4 Finding Common Ground
The debate is partly a false dichotomy. Both approaches agree on the fundamental goal: to control for confounders while avoiding bad controls. They disagree on the best way to identify which variables achieve this. The most defensible position, articulated by Imbens [2020] and Belloni et al. [2014], is:
- Use theory to specify the causal model: Define the treatment, the outcome, and the estimand. Identify the causal assumptions (unconfoundedness, exclusion restriction, parallel trends) that justify the identification strategy. Use DAGs or structural equations to check which variables are confounders, mediators, and colliders.
- Use ML to estimate within the causal model: Once the set of potential confounders is identified (even if the exact functional form and which subset matter most is unknown), use LASSO, DML, or causal forests to estimate the relevant nuisance functions without imposing incorrect parametric forms.
- Pre-specify and report: Whether using theory or ML, specify the covariate selection procedure before analysis, report the procedure transparently, and conduct sensitivity analyses that vary the selected control set.
5 A Scenario Where Each Approach Fails
Theory fails: A researcher studying the effect of neighbourhood poverty on child outcomes controls for a theory-motivated set of family characteristics. But they miss that school quality, which is correlated with both neighbourhood poverty and child outcomes, is omitted from their theory because it was not included in the standard model. ML selection, with school quality in the candidate set, would have found the omission.

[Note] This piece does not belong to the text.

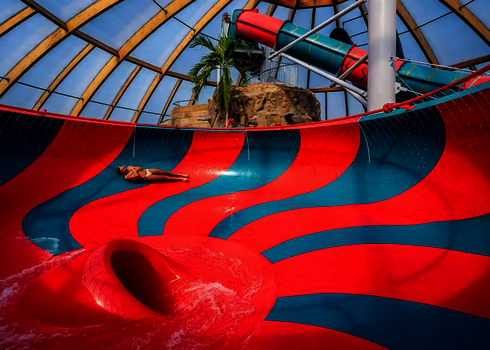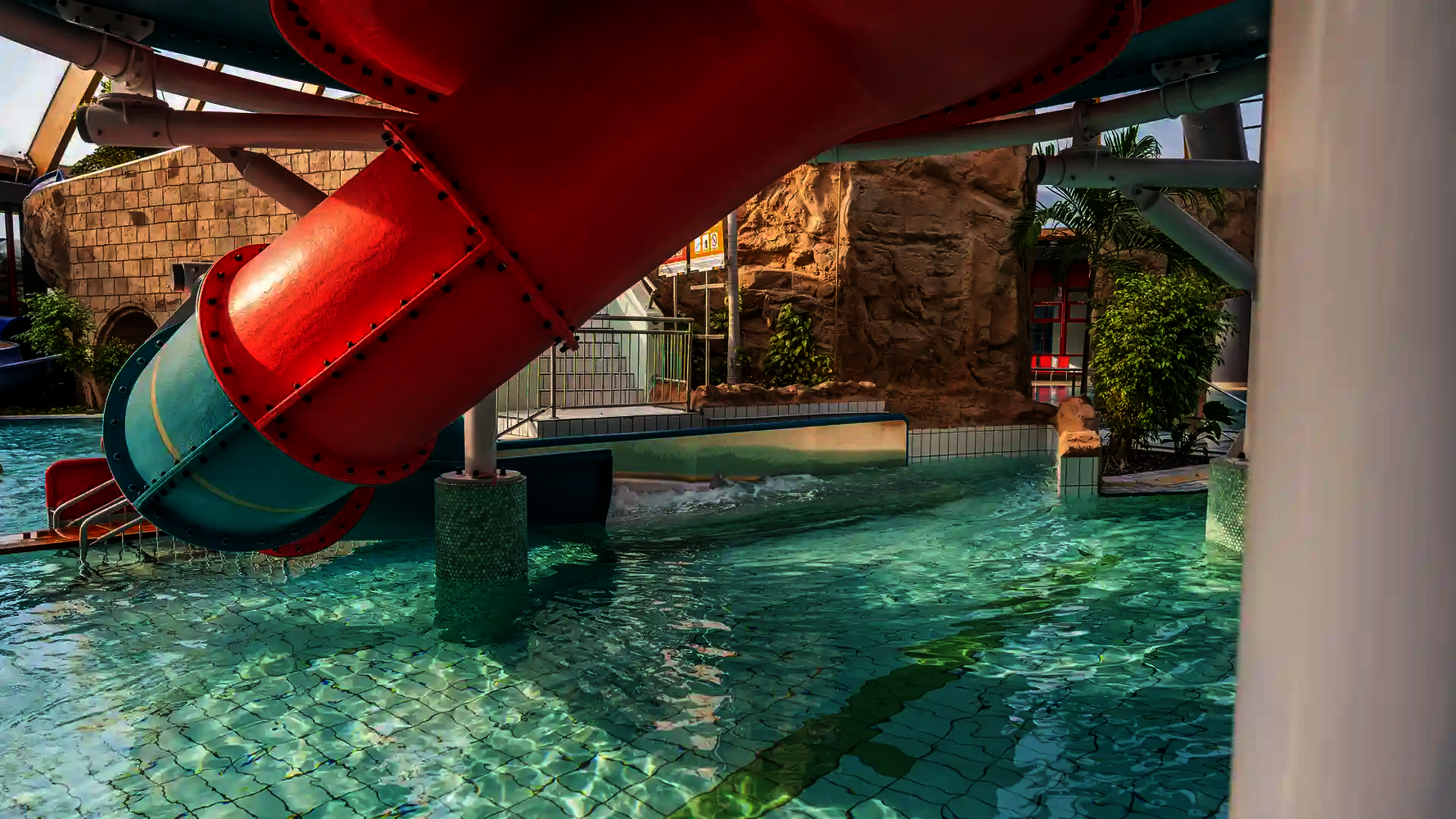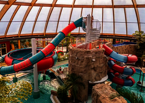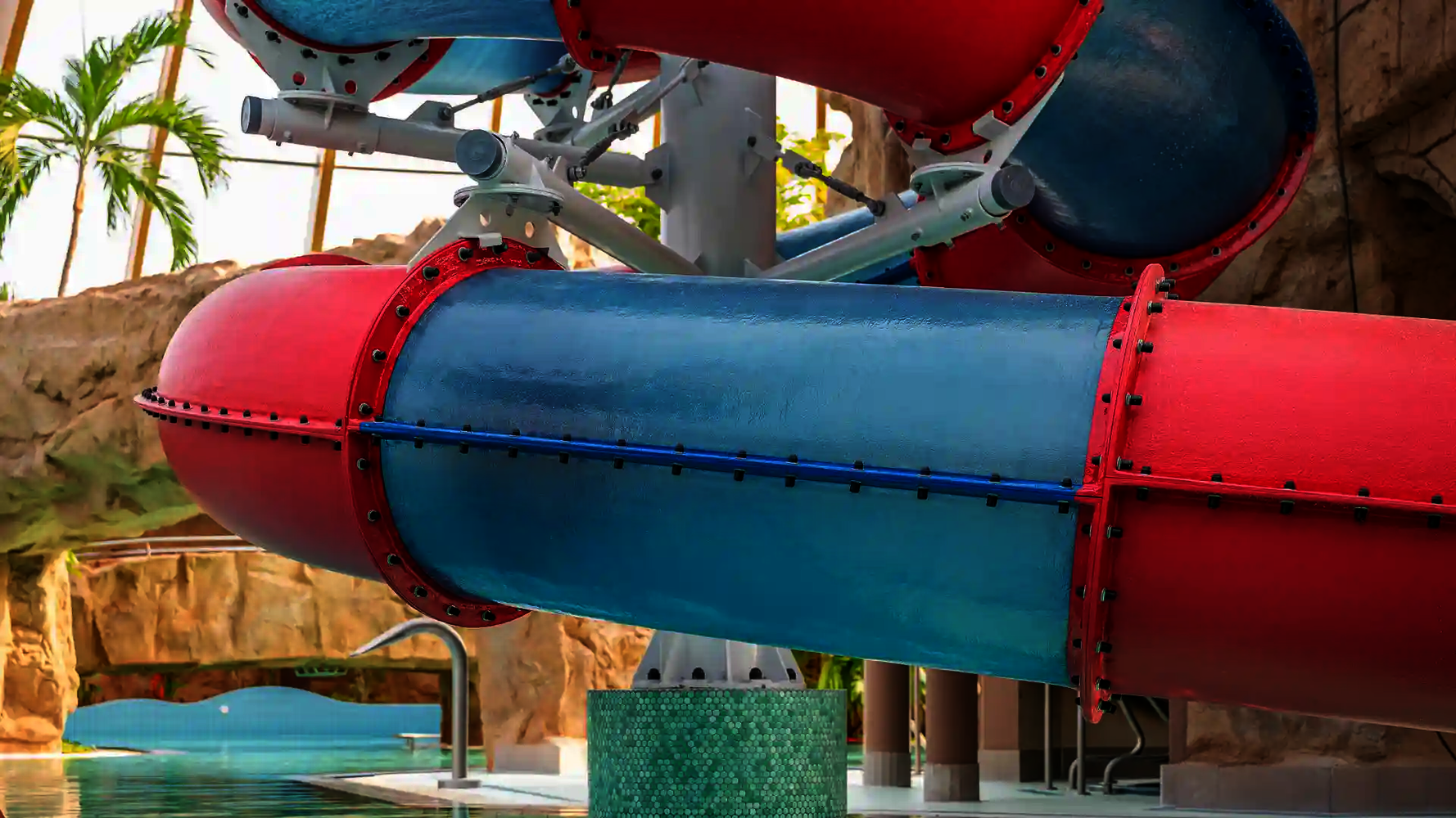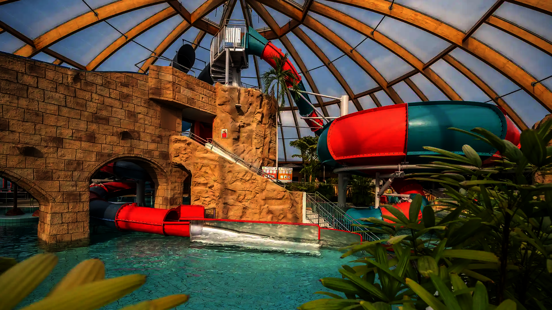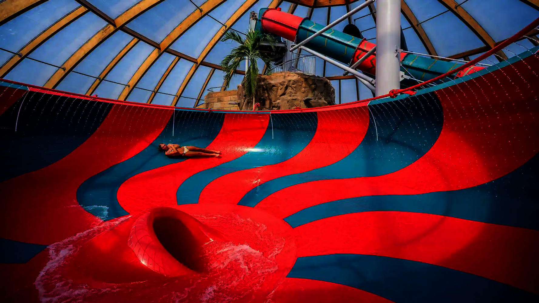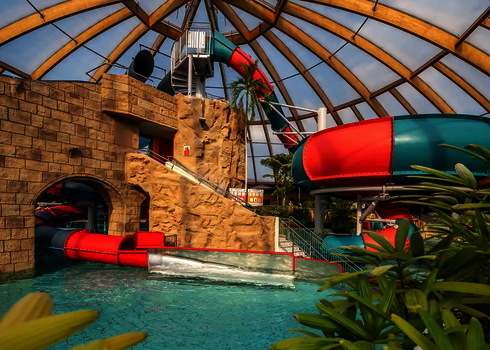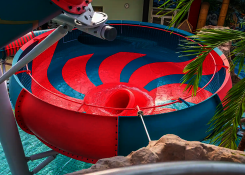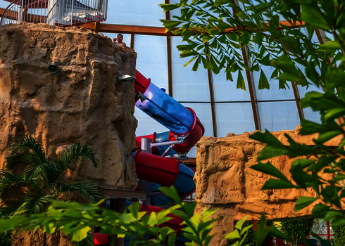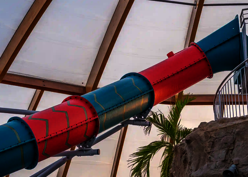 Most of the water slides in the Tropical Islands near Berlin were planned and implemented by us. Thanks to our experience in building indoor water attractions, we were able to create a varied slide experience in a limited space. The slides blend seamlessly into the tropical environment and offer their visitors an unforgettable experience.

ML fails: A researcher studying the effect of a job training programme includes as a LASSO candidate the participant's subsequent industry of employment. LASSO selects this variable because it strongly predicts wages. But industry is post-treatment (partly determined by the training programme), and including it blocks the effect of the programme on wages through industry upgrading. ML selection cannot detect the mediator problem without causal knowledge.
6 Conclusion
The choice between ML and theory for covariate selection is not a binary one. Theory is indispensable for specifying the causal model, avoiding bad controls, and interpreting results. ML is valuable for efficiently identifying relevant confounders in high-dimensional settings and for estimating nuisance functions flexibly. The optimal approach combines both: theory-specified causal structure, ML-estimated nuisance components, and transparent pre-specification of the procedure. Neither approach, used alone, is adequate for rigorous causal inference.
References
- Belloni, A., Chernozhukov, V., and Hansen, C. (2014). Inference on treatment effects after selection among high-dimensional controls. Review of Economic Studies, 81(2):608-650.
- Brodeur, A., Cook, N., and Heyes, A. (2020). Methods matter: p-hacking and publication bias in causal analysis in economics. American Economic Review, 110(11):3634-3660.
- Chernozhukov, V., Chetverikov, D., Demirer, M., Duflo, E., Hansen, C., Newey, W., and Robins, J. (2018). Double/debiased machine learning for treatment and structural parameters. Econometrics Journal, 21(1):C1-C68.
- Cinelli, C., Forney, A., and Pearl, J. (2022). A crash course in good and bad controls. Sociological Methods & Research, 53(3):1071-1104.
- Imbens, G. W. (2020). Potential outcome and directed acyclic graph approaches to causality: Relevance for empirical practice in economics. Journal of Economic Literature, 58(4):1129-1179.
- Pearl, J. (2009). Causality: Models, Reasoning, and Inference. Cambridge University Press, 2nd edition.
- Wager, S. and Athey, S. (2018). Estimation and inference of heterogeneous treatment effects using random forests. Journal of the American Statistical Association, 113(523):1228-1242.